§ Exercise requirements: Beginning at the line that contains "LA PRESIDENTA Claudia", transcribe the remaining lines of the listing exactly; include the final line and omit everything before.

§ Records provided:
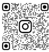
「シングルベル」の演奏♪

吹奏楽部が12月24日 クリスマスコンサートを行いました。 多くの生徒や先生が校舎の窓から演奏を楽しみました。 寒空の下でしたが、心が温まるひとときとなりました。 演奏は公式Instagramで視聴できます。 どうぞお楽しみください♪
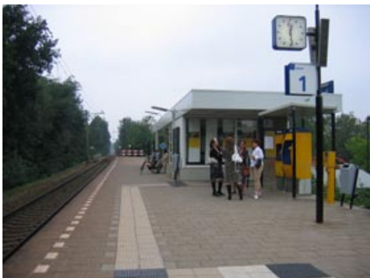
Een avondwinkelaar in het stationsgebouwtje Lammenschans? Iemand schijnt dat plan te hebben.
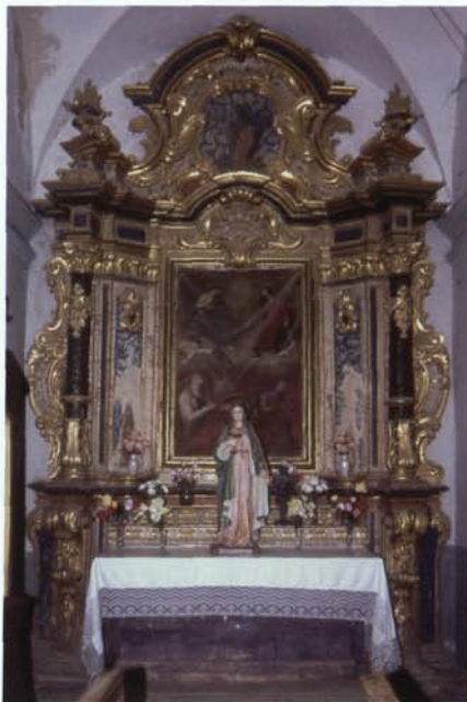
3. Altar de la Mare de Déu del Carme (2)
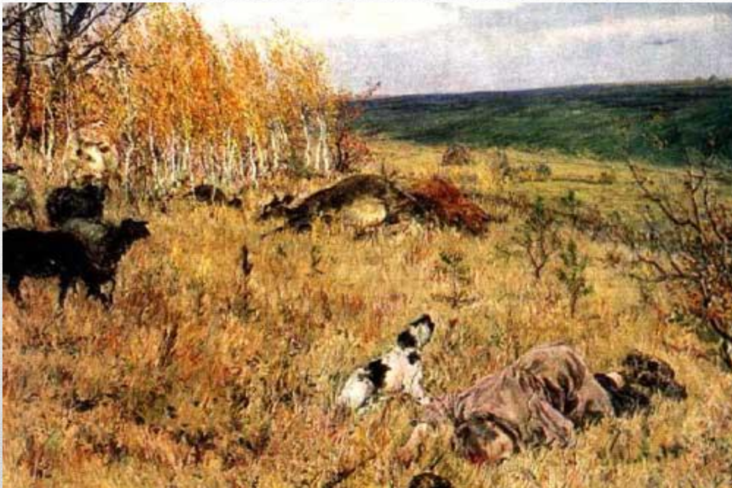
А.А. Пластов «Фашист пролетел»
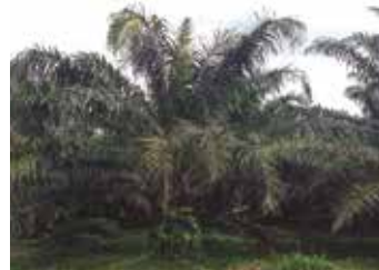
2. Acortamiento en hojas jóvenes
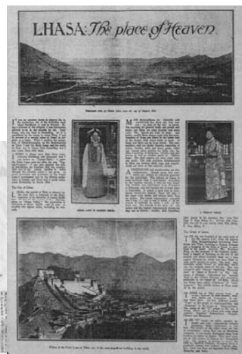
青木のチベット旅行記 “Lhasa, Place of Heaven”

20世紀初頭、浄土真宗本願寺派法主大谷光瑞によってチベットに派遣され、首都ラサに3年間留学し、『西藏遊記』『西藏全誌』など貴重な資料を残した青木文教の人間像を描いた本格的評伝
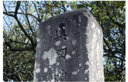
『幸村十一世』と刻まれた仙台真田氏の墓碑
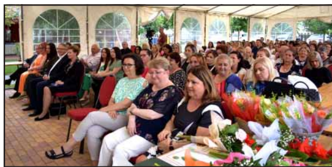
Pedagógusok köszöntése az Éden Camp-ben
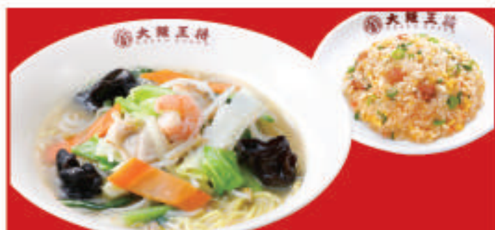
ちゃんぽんセット 1,250円(税込) ちゃんぽん麺・五目炒飯(小)
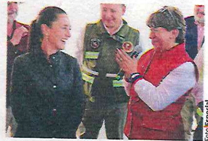
LA PRESIDENTA Claudia Sheinbaum (izq.) y la gobernadora Delfina Gómez, ayer.

Atenderá una demanda diaria de 120 mil usuarios, reduciendo los tiempos de recorrido de dos horas a 45 minutos y en servicio exprés 33 minutos. En su etapa

§ Solution:
LA PRESIDENTA Claudia Sheinbaum (izq.) y la gobernadora Delfina Gómez, ayer.

Atenderá una demanda diaria de 120 mil usuarios, reduciendo los tiempos de recorrido de dos horas a 45 minutos y en servicio exprés 33 minutos. En su etapa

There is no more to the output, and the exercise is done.